I had a 16 node Azure HCI 23H2 based cluster that refused to get past the initial update, after several undocumented resolutions, decided to put together a series of posts with the solutions!
There is good documentation at the Microsoft site with all requirements for HCI clusters, be it Azure Stack, or Windows Storage Spaces Direct (S2D) clustering, so I will not be going into that, however, I came across the following challenges even though all solutions were properly configured.
The physical design in question is exactly as described in the Microsoft documentation at: Azure Local baseline reference architecture – Azure Architecture Center | Microsoft Learn
16 Node clusters based on 23H2, with 100Gb NICs and fabric
Nodes randomly dropping out of cluster
Nodes were unstable, with disks going offline, nodes going offline, lots of random behavior not allowing the initial update to succeed.
When looking at the Security Event log of the nodes, the following event ID 5152 and other 51xx occurred constantly on all nodes of the cluster:

Looking at this log entry, I see that cluster SMB VLAN 711 & 712, Protocol 17 (UDP), Port 3343 to and from the nodes is blocked by “WSH Default” (Windows Service Hardening), which to me, explained why nodes had disks going offline, and as a result, nodes going offline.
I created Inbound and Outbound manual rules to allow that traffic, however, the rule was ignored by all systems.
Most of these blog articles are fixes I came up with, and I wish I could claim this one, but in the case, I have to give credit to where credit is due, it was a Microsoft engineer Wai (Ko) who had me try something that to me, was a huge learning experience, and was so ‘out there’, I needed to learn how to the solution was found, which I will explain at the end.
We checked the NICs in question using Get-NetAdapter, as shown in the following figure:

Next, we checked the full settings of the vSMB NIC with the Get-NetIPInterface command:

Note the “Dhcp” setting is ‘enabled’? Well, even though this vNIC has static addressing, the svchost.exe application was trying to get/use the DHCP configuration, and as a result, bypassing the firewall allow rule.
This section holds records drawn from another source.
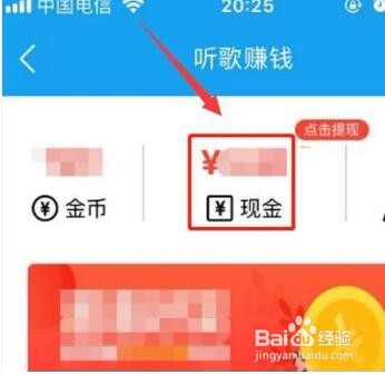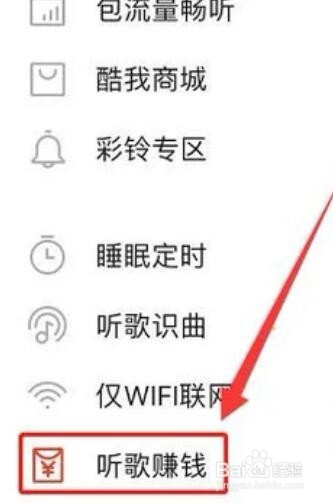 3、進(jìn)入之后,點(diǎn)擊“聽歌賺錢”,進(jìn)入下一頁面,如圖所示。
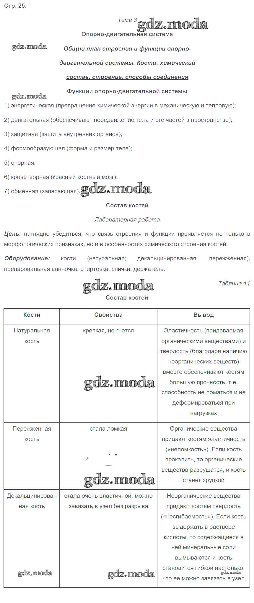 ГДЗ решение к заданию № 25 Биология 8 класс рабочая тетрадь Бодрова Н.Ф. М-книга 2017 ФГОС бесплатно на гдз.мода!
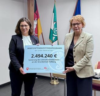 Niedersachsens Innenministerin Daniela Behrens (re.) übergibt symbolisch die Zuwendung für die Sanierung des Faßberger Lehrschwimmbeckens in der Grundschule an die Bürgermeisterin Kerstin Speder.

How/Why? That’s a conversation for another time, the solution here was to disable it on all the nodes on the 2 ports in question (*Port 1 and *Port 2)
Here’s how I disabled it using the Set-NetIPInterface command:

Once this was run on all 16 nodes, (You can run the command remotely with Enter-PSSession) the errors stopped in System Event Logs, disks stopped going offline, and node stability was established!
How was this discovered?
The event tells you which process generates the message, tools are used to check the modules (DLLs or exe) in the process. In this case, the DHCP related DLL in the system was calling for the DHCP client service.